Data for the task:
'''
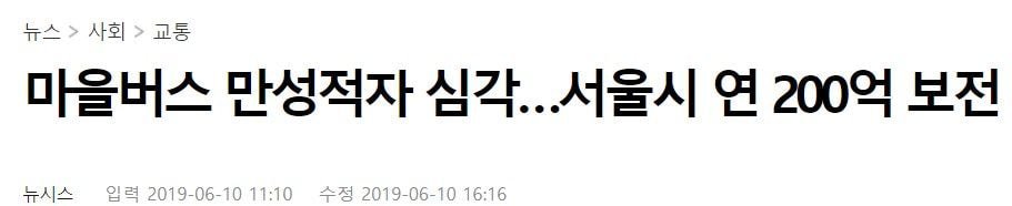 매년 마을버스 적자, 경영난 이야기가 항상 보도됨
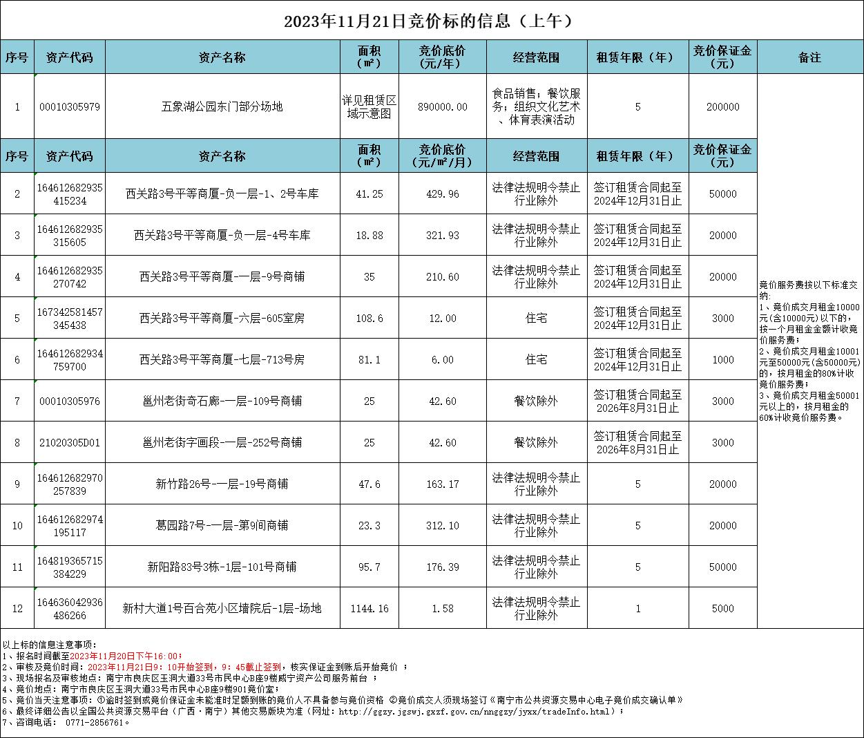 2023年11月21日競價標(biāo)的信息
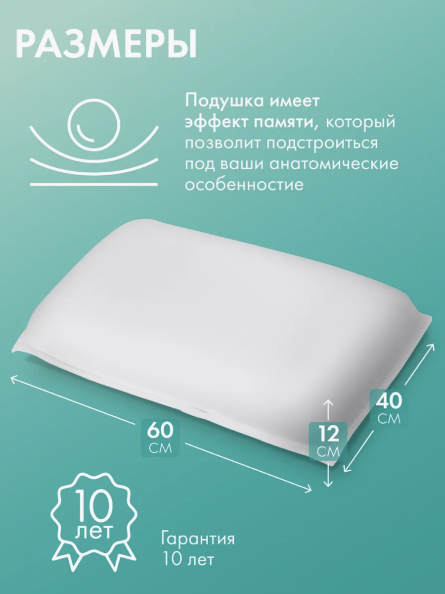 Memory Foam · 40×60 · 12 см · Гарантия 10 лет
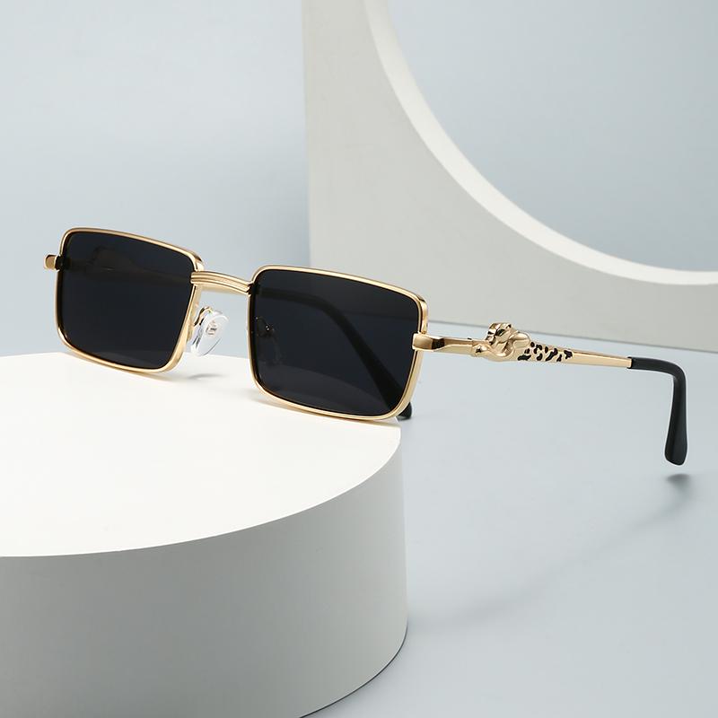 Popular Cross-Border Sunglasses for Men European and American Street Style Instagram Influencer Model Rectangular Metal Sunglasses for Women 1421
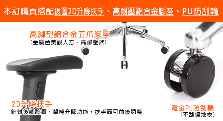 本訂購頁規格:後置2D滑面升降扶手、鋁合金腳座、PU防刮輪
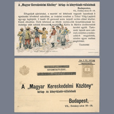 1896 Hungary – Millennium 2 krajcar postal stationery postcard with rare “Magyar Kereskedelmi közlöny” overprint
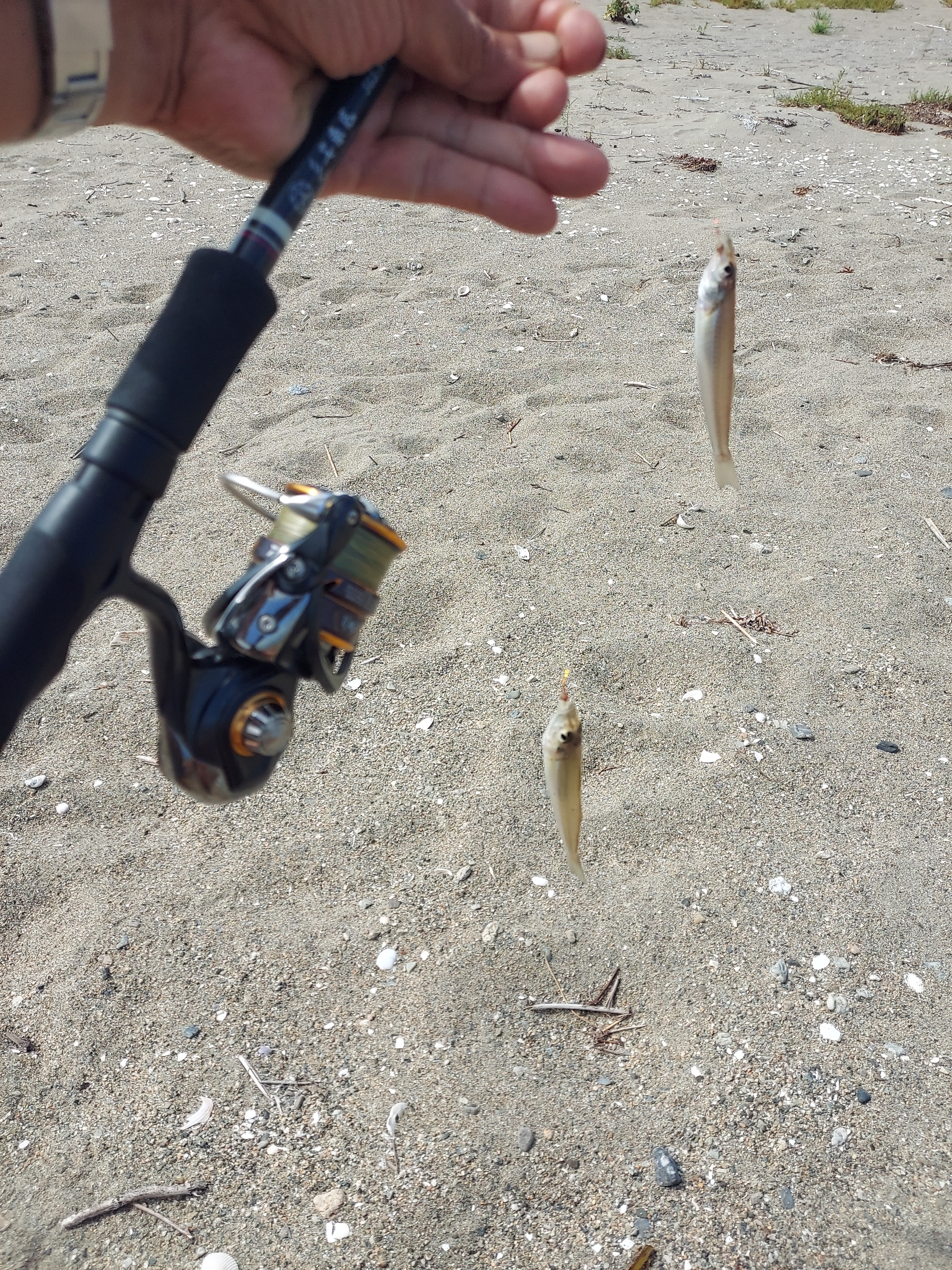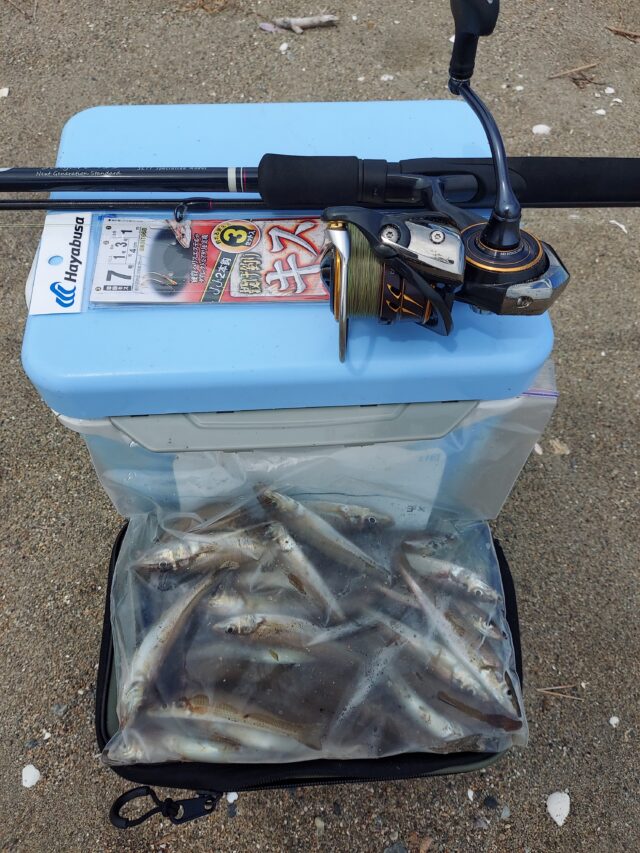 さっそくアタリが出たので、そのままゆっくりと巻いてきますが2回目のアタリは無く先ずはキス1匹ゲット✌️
'''
'''
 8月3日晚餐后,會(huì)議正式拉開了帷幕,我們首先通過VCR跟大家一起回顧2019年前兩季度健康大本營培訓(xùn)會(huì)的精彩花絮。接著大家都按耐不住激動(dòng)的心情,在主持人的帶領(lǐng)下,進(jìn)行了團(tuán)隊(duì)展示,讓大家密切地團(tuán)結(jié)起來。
'''
'''
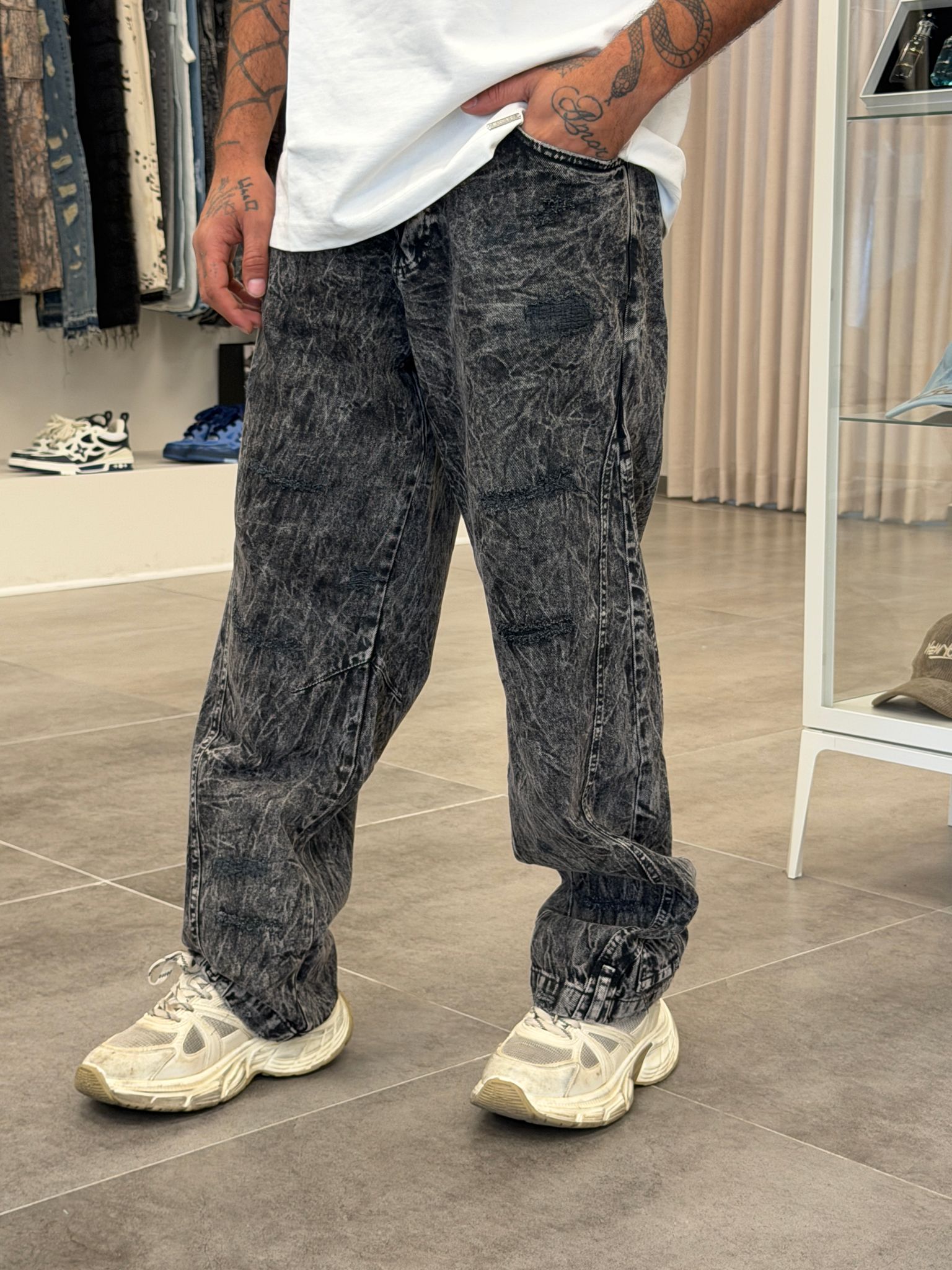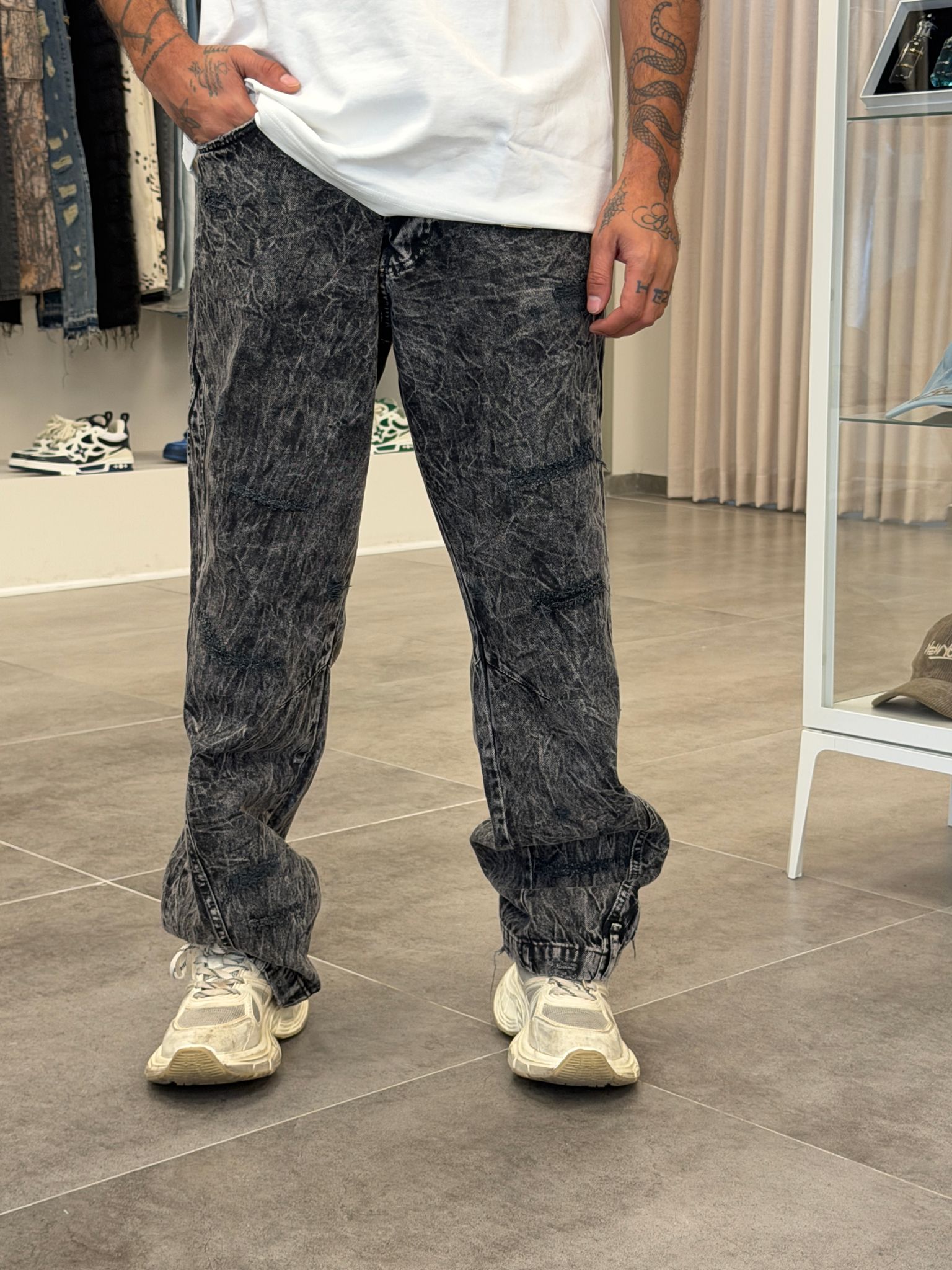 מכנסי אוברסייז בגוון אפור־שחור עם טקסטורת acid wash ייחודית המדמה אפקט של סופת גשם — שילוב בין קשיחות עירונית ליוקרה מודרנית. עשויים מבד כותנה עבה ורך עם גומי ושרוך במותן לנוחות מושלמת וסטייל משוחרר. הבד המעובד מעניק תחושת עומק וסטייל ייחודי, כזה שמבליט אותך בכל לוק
'''
Aim of the task:
Once the line with "매년 마을버스 적자, 경영난 이야기가 항상 보도됨" has been found above, output that line and every later line exactly, stopping after the line with "本訂購頁規格:後置2D滑面升降扶手、鋁合金腳座、PU防刮輪", and omit the pictures.

Task answer:
 매년 마을버스 적자, 경영난 이야기가 항상 보도됨
 2023年11月21日競價標(biāo)的信息
 Memory Foam · 40×60 · 12 см · Гарантия 10 лет
 Popular Cross-Border Sunglasses for Men European and American Street Style Instagram Influencer Model Rectangular Metal Sunglasses for Women 1421
 本訂購頁規格:後置2D滑面升降扶手、鋁合金腳座、PU防刮輪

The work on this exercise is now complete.